Well, here's a way to do it. Maybe over kill.
Let $S = A \times A$. That is the universal relationship.
As $(x,x) \in S$ for all $x$ it is reflexive. Let's destroy that be removing $(a,a)$.
$T = A \times A \setminus \{(a,a)\}$.
$T$ is not reflexive because $a \not T a$.
But if $x T y$ then $y T x$. So T is symmetric. Let's kill that. Let's remove $(a,b)$.
$W = A \times A \setminus \{(a,a),(a,b)\}$
Not $W$ is not symetric because $b W a$ but $a \not W b$.
Is $W$ transitive?
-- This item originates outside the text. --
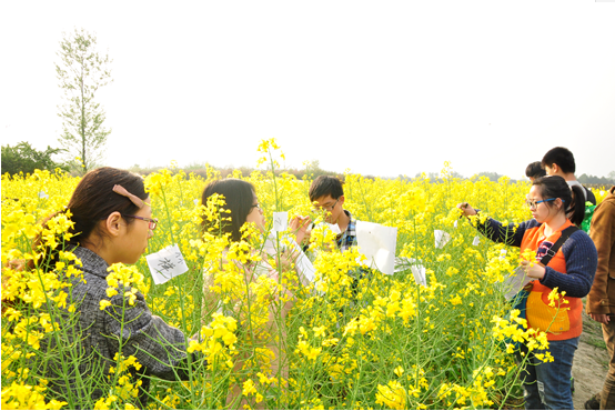 决赛在惠和村农场举行,内容为杂交油菜品种的田间纯度检验。选手们需要观察并描述该品种标准样品的植株主要形态特征,对一定数量和范围的油菜植株进行比较鉴别,分类记载本品种、异品种、异作物、母本植株数,计算品种纯度,并说明该批种子是否符合国家规定的种子质量标准。评委老师根据选手对实验的熟悉程度、鉴定结果的准确性及对标准样品的描述准确度三项进行评分。最终颜佳鹏同学获得大赛一等奖,邓肃霜、路芳芳获得二等奖,另外有4位同学获比赛三等奖。

To be honest, I'm not sure. But $a R c$ and $c W d$ and $a W d$. Let's remove $(a,d)$.
Let $R = A \times A \setminus \{(a,a),(a,b),(a,d)\}$
$R$ is not transitive because $a R c$ and $c R d$ but $a \not R d$.
And it's not symmetric as $a \not R a$ nor reflexive as $b R a$ but $a \not R b$.
Or we could have built from scratch;
$S = \{(a,b)\}$
Not reflexive: $a \not S a$.
Not symmetric: $a S b$ but $b \not S a$.
Transitive? Vacuously so. There are no $x S y$ and $y S z$. So for all zero of those it is vacuously true $x S y; y S z \implies x S z$.
But let's kill this by adding $R = \{(a,b),(b,c)\}$
Then we have $a R b$ and $b R c$ but $a \not R c$ so it is not transitive.